Famous faces and a TV crew called on a Cotswolds auction house last week, as the Antiques Road Trip made a stop at the salerooms of Moore Allen & Innocent.

The TV crew was filming for an episode of the long-running series, in which celebrities pair off with an antiques expert to find bargains they can sell at auction for a profit.

On Friday, the contest featured poet and Cotswolds resident Pam Ayres who took on her long-suffering ‘radio husband’ Geoffrey Whitehead. The two have been appearing together on the Radio 4 sitcom Potting On for nearly a decade.

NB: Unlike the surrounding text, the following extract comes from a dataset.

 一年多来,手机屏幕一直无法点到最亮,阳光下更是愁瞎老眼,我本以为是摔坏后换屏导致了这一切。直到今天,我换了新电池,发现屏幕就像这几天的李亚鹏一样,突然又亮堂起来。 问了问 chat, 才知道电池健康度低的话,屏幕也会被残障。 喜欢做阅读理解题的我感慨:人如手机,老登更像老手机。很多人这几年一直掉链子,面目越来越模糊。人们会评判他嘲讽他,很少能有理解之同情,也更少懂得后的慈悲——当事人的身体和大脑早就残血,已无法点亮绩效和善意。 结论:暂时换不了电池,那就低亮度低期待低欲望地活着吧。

They were accompanied by antiques experts Kate Bliss and James Braxton, while the bargains they bought at antiques fairs and arcades were auctioned by Moore Allen’s Philip Allwood, another familiar face to fans of TV antique shows.

“Had a brilliant time making this programme today,” Pam later told her 41,000 Twitter followers. “Such a good gang. Only snag was getting up at 04.15 am. Amazing that I look so dewy-fresh.”

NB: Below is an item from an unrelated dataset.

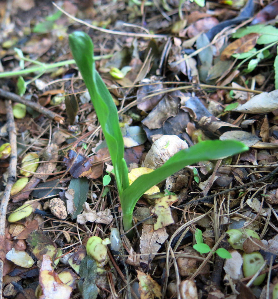 And this unimpressive green thing is what he says is the foliage of Biarum tenufolium. There are a bunch of these things in the rock garden and almost nothing has ever happened. Except last year.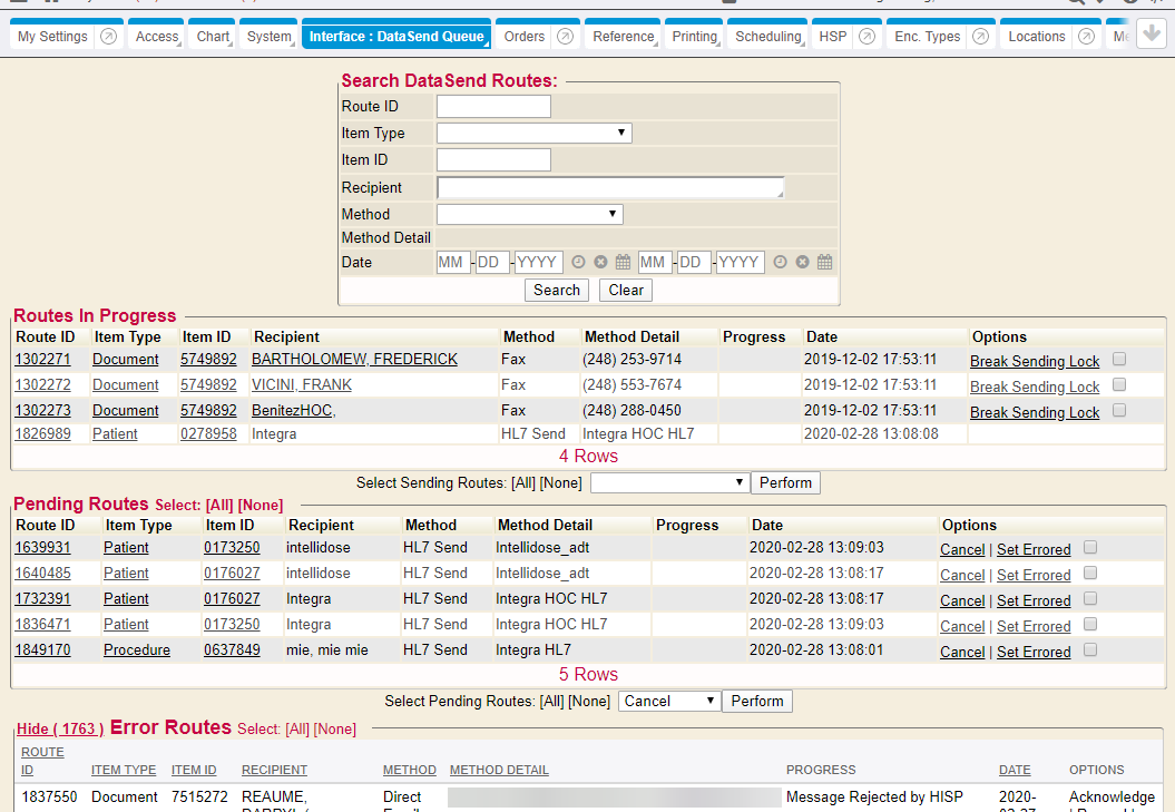 Once records are added into Webchart and the triggers are satisfied, the HL7 message should send out according to the RTS. To validate that the data was sent outbound successfully, browse to the DataSend Queue in Control Panel -> Interfaces.

The road trip is broadcast over five consecutive days – Monday to Friday. On Day 1 each contestant is given £200 with which to buy antiques. Each day, the profit is spent on more antiques. The contestant with the biggest surplus at the end of Day Five is declared the winner.

Among Pam’s lots was a stuffed bear, believed to be by the Australian toy maker Fideston, some time between 1917 and 1942. It was similar to a Fideston bear sold by Moore Allen for £200 several years ago. Pam’s though was more well-loved, with wear and tear to the paw pads. It carried an estimate of £100 to £150.

Geoffrey’s hopes lay in a vintage fan-shaped Baccarat Guerlain Shalimar perfume bottle, which his antiques expert partner Kate Bliss hoped might make £30 to £50.

Fans will have to wait until the autumn to see how the pair got on.

Elsewhere in the auction, there were some good results in the auction’s furniture section, where the third-from-last lot made the top price of the day. A Regency mahogany framed two seat salon sofa, the frame with reeded decoration had been expected to achieve between £150 and £250, but the hammer fell at £950.

The penultimate lot, a 19th Century mahogany fold-over card table, also performed well, selling for £680 against a £150 to £200 estimate.

In the jewellery section, an 18 carat gold mounted solitaire diamond pendant sold for £750, while in the garden section a pair of composite stone urns on pedestals with egg and dart decorated rim sold for £700 – comfortably within the £500 to £800 estimate.

A couple of interesting medals attracted a lot of interest: a Victorian naval general service medal with Syria bar awarded to Henry Fowler for operations on the coast of Syria from 10th September to 4th November 1840 and the blockade of Egyptian Ports from September to December 1840 sold for £500 – double the upper estimate – while an Elizabeth II silver police medal for distinguished police service awarded to Frederick A Statham of the Gloucestershire Constabulary sold for £420: well above the £80 to £120 estimate.

In all, more than £50,000 of antiques was bought and sold at the auction, but the gavel-banging was far from over for auctioneer Philip Allwood, who conducted a charity auction at Berkeley Castle that evening.

The annual black-tie dinner of the Nelson Trust, which helps addicts recover from alcohol and drug addiction, was attended by hundreds of supporters.

Among the lots in the charity auction were a day’s shooting with eight guns at the Duke of Beaufort’s Badminton Estate, which sold for £10,000, a day’s racing for 20 in an exclusive box in the Princess Royal stand at Cheltenham, which made £4,400, and a week’s hind stalking in Ross-shire, which raised £3,000.